Ontology-based Fast Semantic Indexing for Structured and Unstructured Data in Health Care 7a.003.UL

Project Start Date: Aug 1, 2018
Research Areas: Data Management, Data Management - Ontologies
Funding: Member Funded
Project Tags: ,

Project Summary

In the current big data environment, most of the data is gathered from multiple sources. Entity resolution or duplication of data is a major problem in this scenario. This duplicate data is more pronounced in-patient data from health care. Recent studies indicate that about 15% of the Master Patient Index of major hospitals are duplicate entries.  Issues like heterogeneous data, incomplete information, constantly changing properties associated with entities, and temporal information pose major challenges to identifying duplicate entities in the data. To solve this problem, we propose a indexing technique that identifies duplicate information from databases using ontology based semantic measures.
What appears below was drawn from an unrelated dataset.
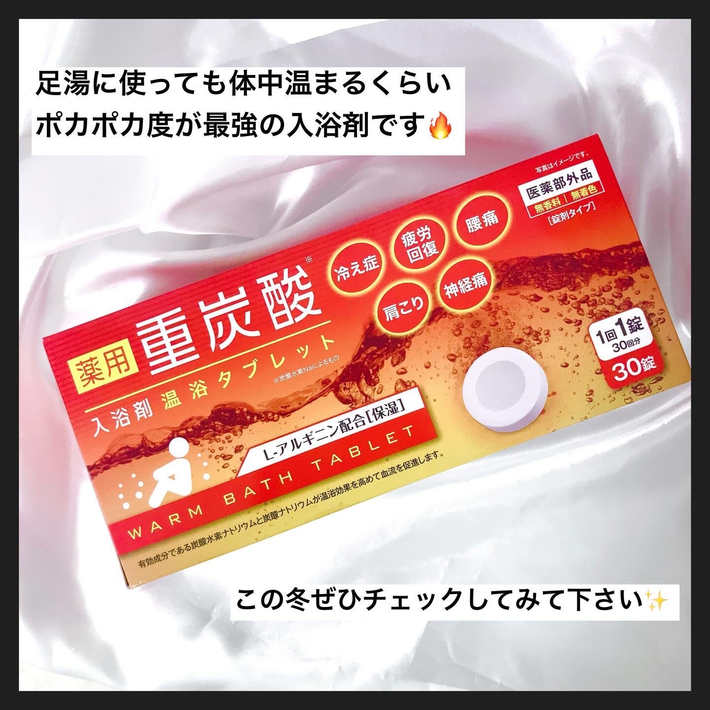 1日の疲れをホッと癒してくれる🛀 \薬用 重炭酸入浴剤 温浴タブレット/ 血流アップ!体温アップ! うれしい効果がいっぱいの重炭酸温浴が楽しめます🛀 保湿成分L-アルギニン配合で肌もしっとり◎ 赤ちゃんにもやさしい中性重炭酸だから家族みんなで使えるのもうれしいですね🌟

The proposed approach generates a global identifier for each entity based on the distances of the properties associated with the entity to core nodes within the semantic graph extracted from the ontology. Partial and complete match algorithms will be applied on the global identifier to identify duplicate records. The identifier can be updated based on changes to the properties associated with the entity.  Our project proposes a proof of concept to identify duplicate records in a Master Patient Index that indexes the data using a global patient identifier that is based on the demographic and clinical profile of the patient. We aim to significantly improve the performance of the deduplication algorithm over the traditional baseline algorithms.